Patterns Revealed By Measuring Military Spend

Changing how we look at a country’s military budget can reveal a lot more than just looking at absolute numbers.

For example, the Middle East is the region with the highest spenders on defense as a percentage of their GDP, giving us insight into regional security concerns.

Countries from the medium group of military spending—including parts of Eastern Europe, sub-Saharan Africa, and South Asia—highlight past or recent conflict zones between neighbors, countries with internal strife, or countries wary of a regional aggressor. Ukraine’s average per capita military spend, for example, was just $122.4 from 2018 to 2021. The next year, it jumped nearly 10 times to $1,018.66 per person after Russia’s invasion.

In fact, European military spending saw its sharpest one-year jump in 30 years as a direct result of the war.
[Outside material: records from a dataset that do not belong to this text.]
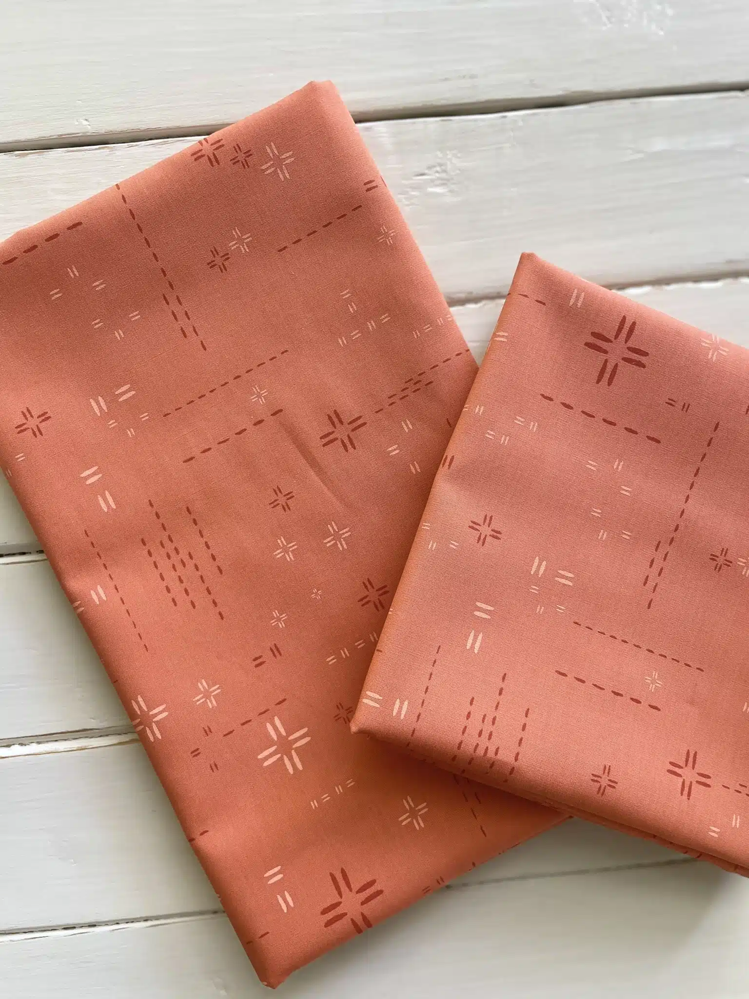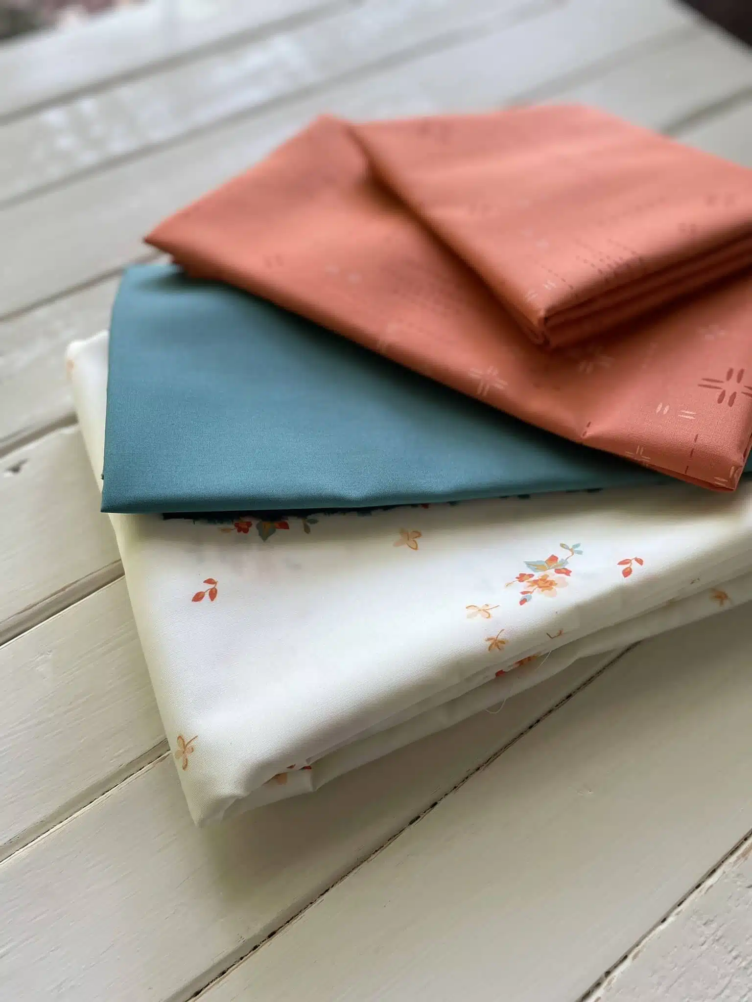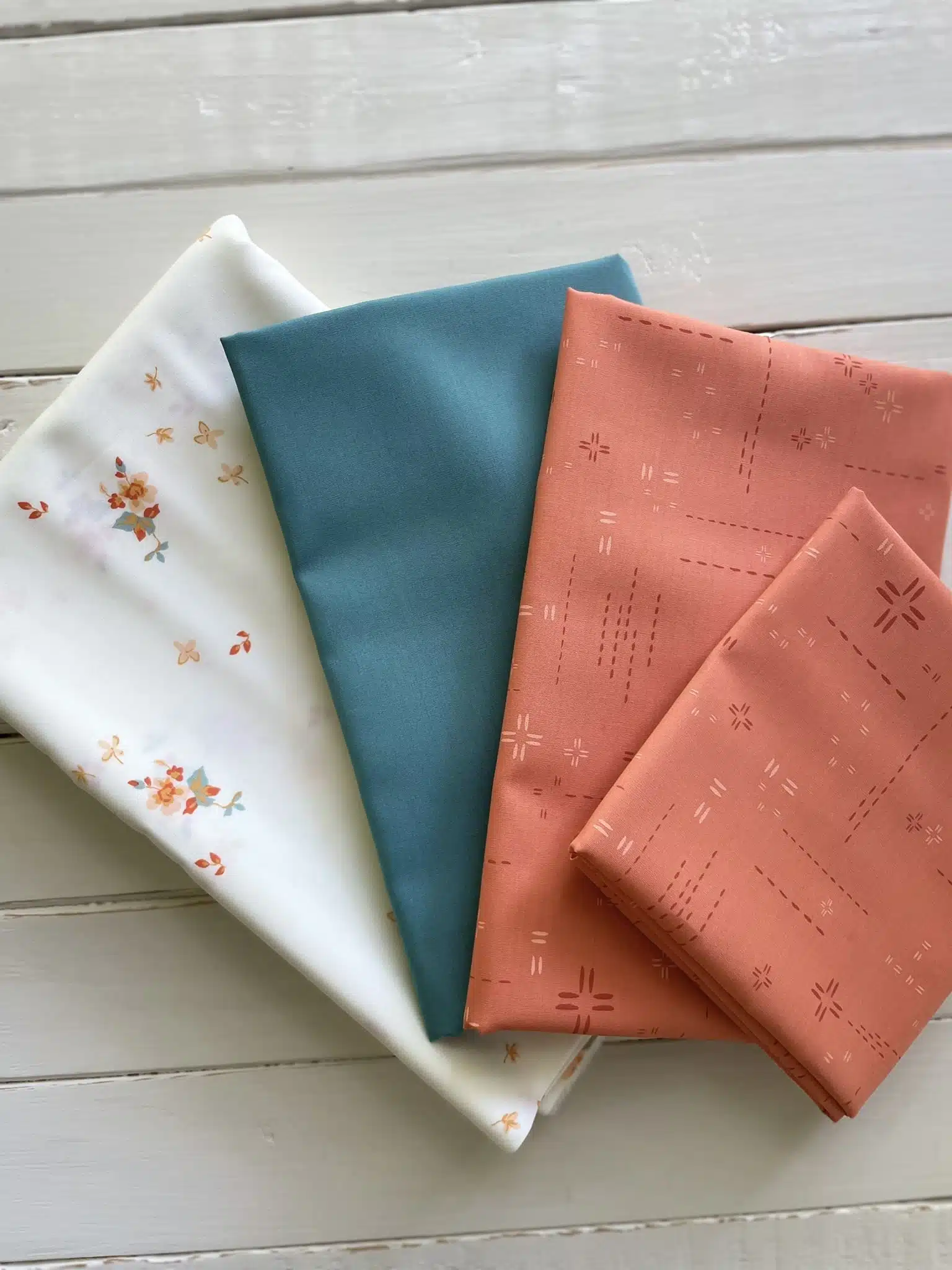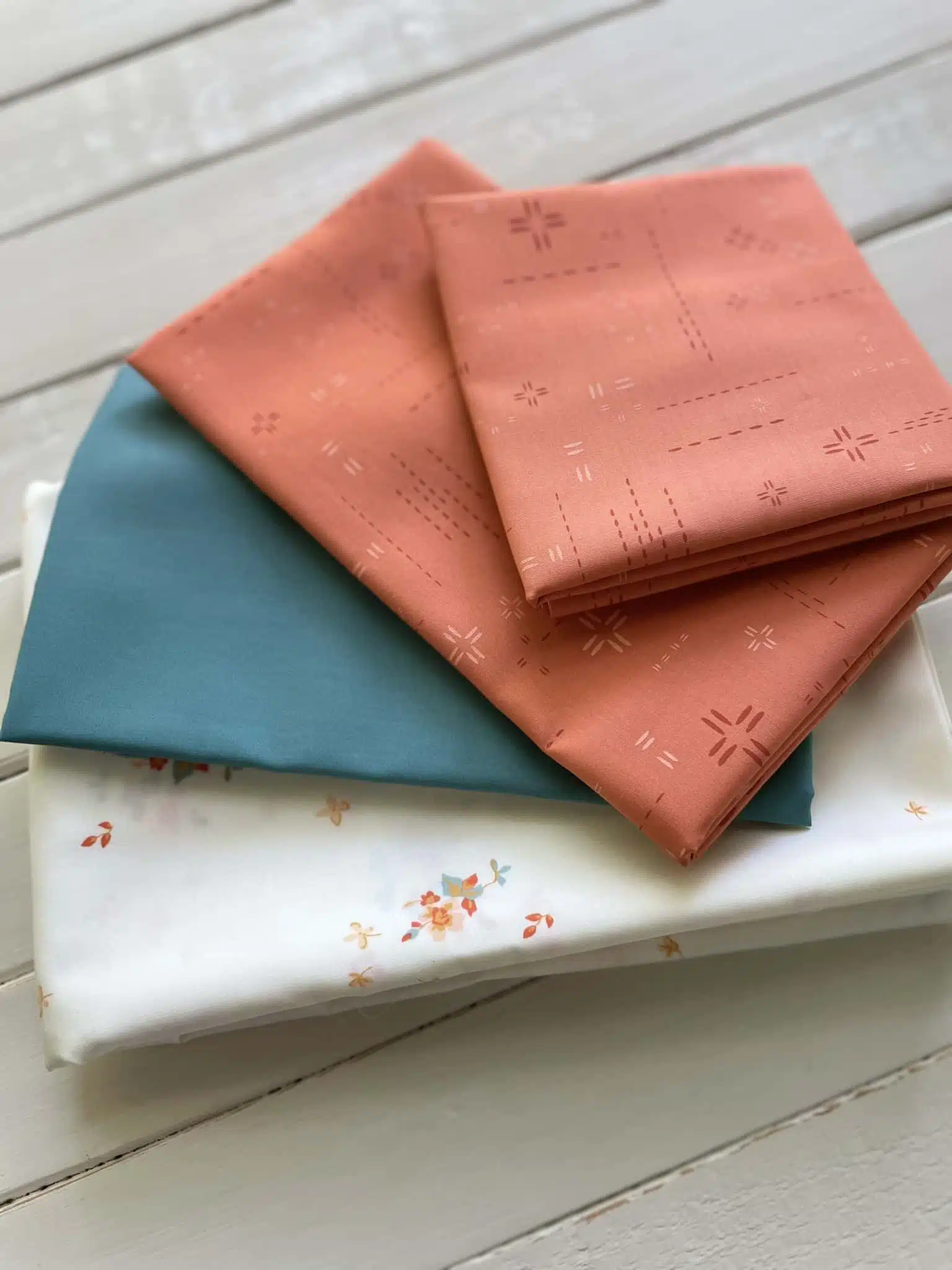 This quilt kit is for the Sunfield quilt. The fabrics in this kit are Art Gallery Fabrics; Delicate Balance Six, Pure Solids Swimming Pool, and Decostitch Red Desert. The kit includes enough fabric to complete the 60 1/2″ x 75″ Sunfield quilt top and binding.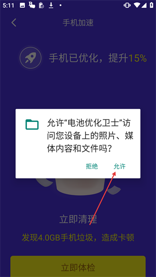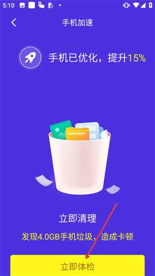 3、在手机加速界面点击【立即体检】,触发权限请求。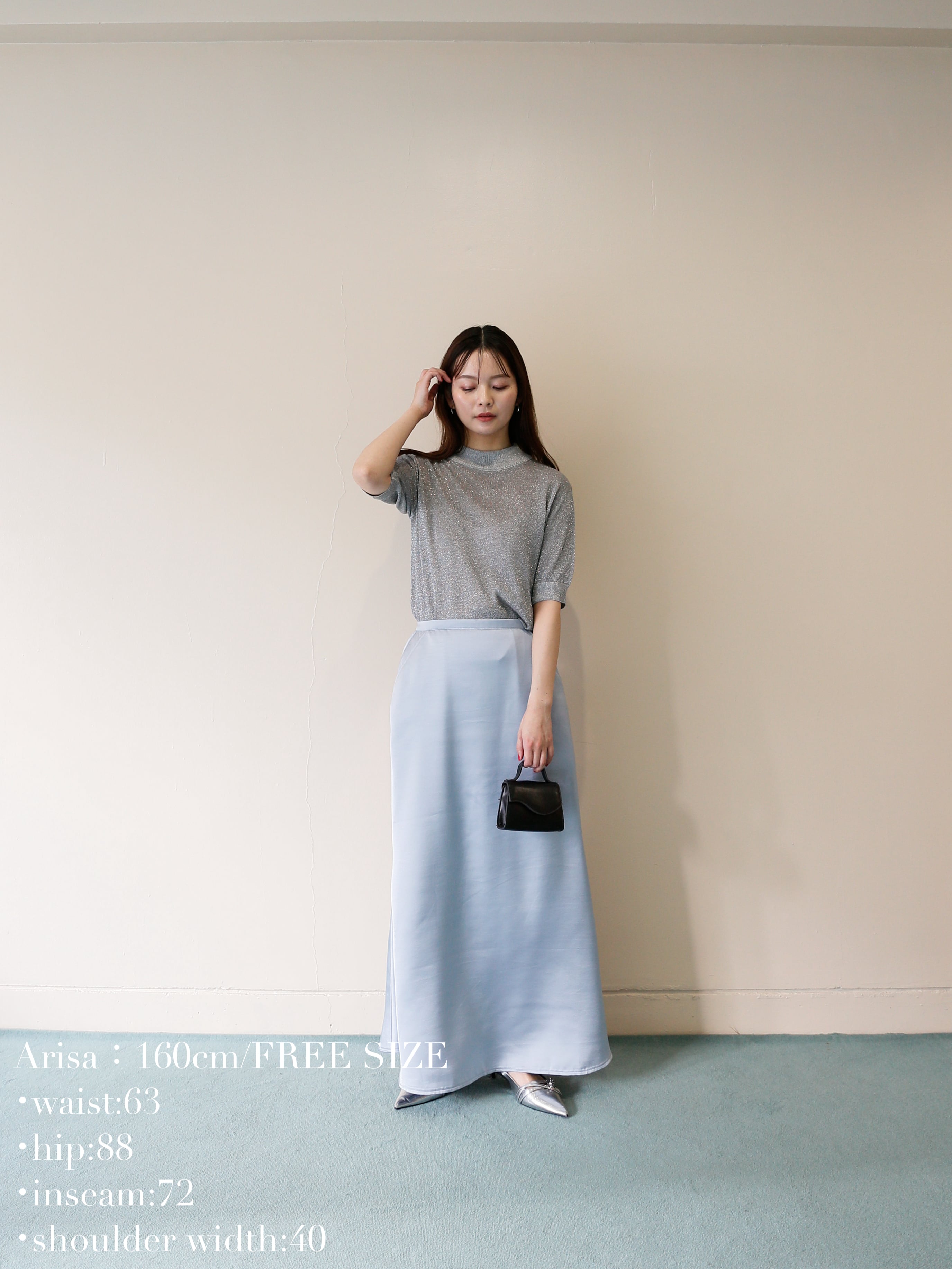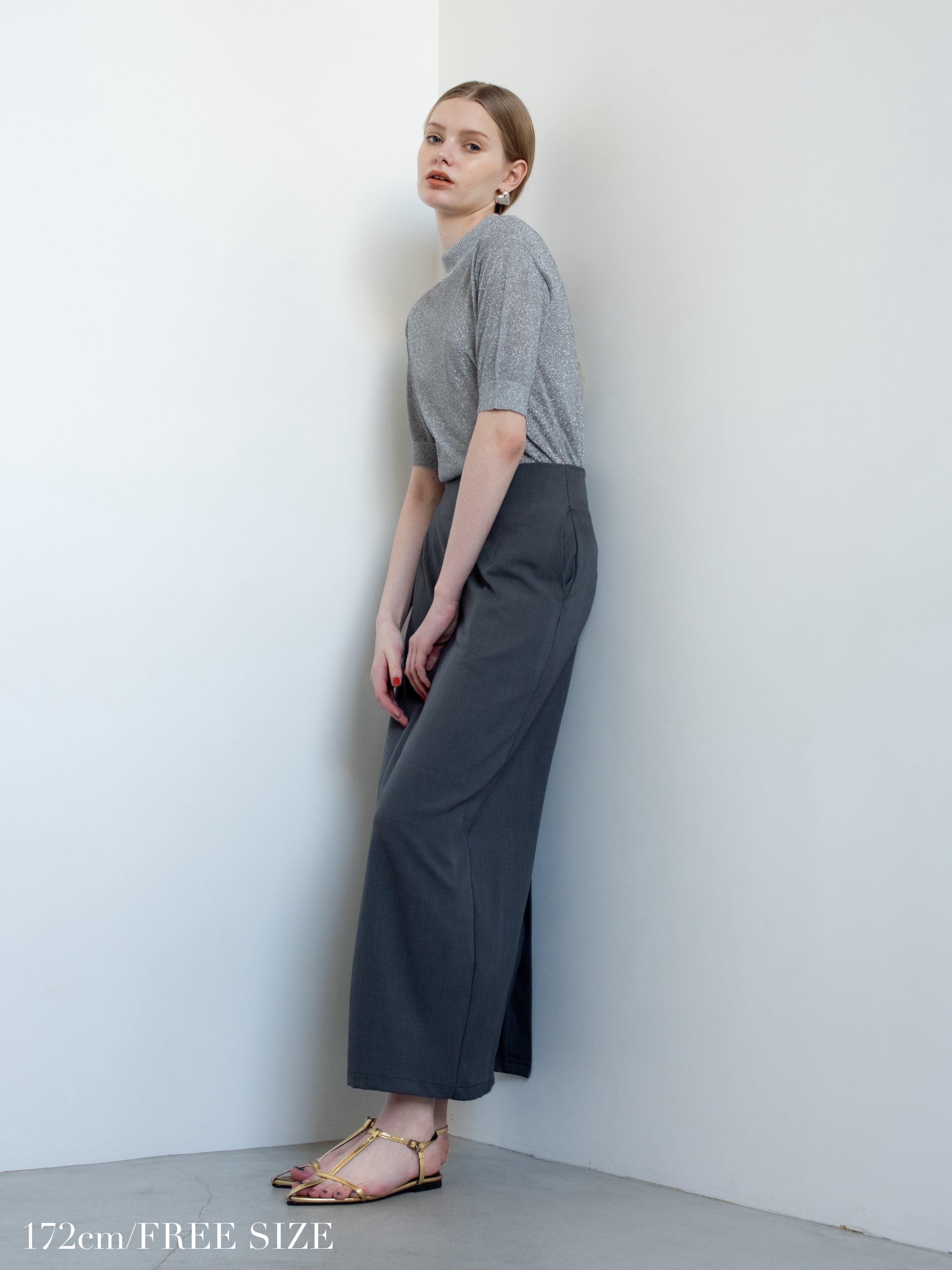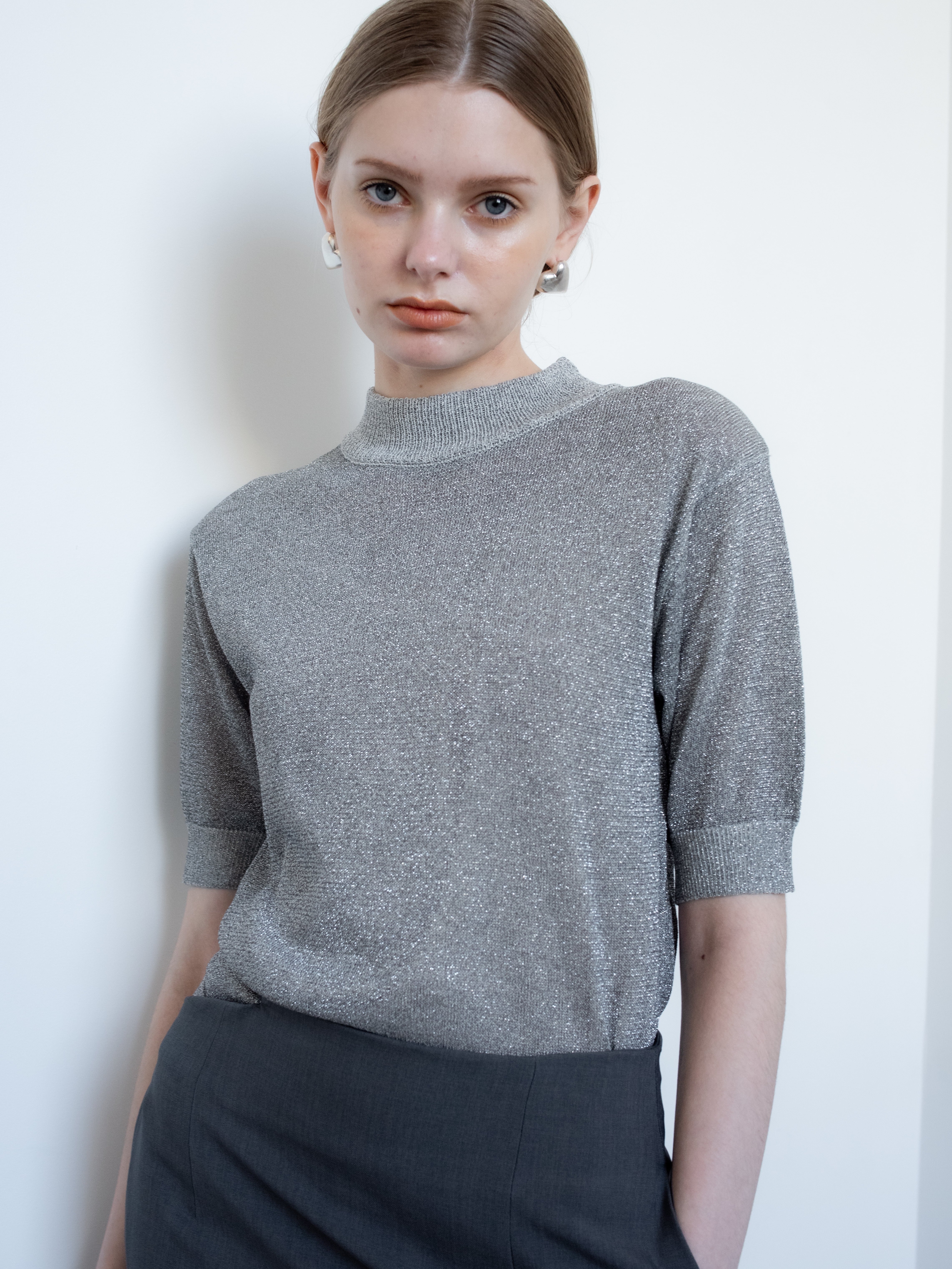 モードな雰囲気を高めるプチハイネックも相まって、ラメニットを大人な印象にまとめます

Alongside European anxieties, ongoing tension between China and Taiwan has also contributed to increased military spending in Asia and Oceania. Will these budgets continue their dramatic ascent or will they rise evenly alongside their relative economies in 2023?

Data note: For these comparisons, the creator is calculating five-year averages (using data from 2018-2022) for military spending as a percentage of GDP and per-capita military spending for each country. The military expenditure data is pulled from Stockholm International Peace Research Institute.

Data for some countries is missing or may vary significantly from official figures. Countries with up to
two years of missing data had averages calculated on the years available, while countries with three or more years of missing data have been removed from this dataset, including: Djibouti, Eritrea, North Korea, Laos, Libya, Somalia, Syria, Turkmenistan, UAE, and Yemen.

Please see SIPRI’s methodologies page for more details on how they collect their data and create estimates.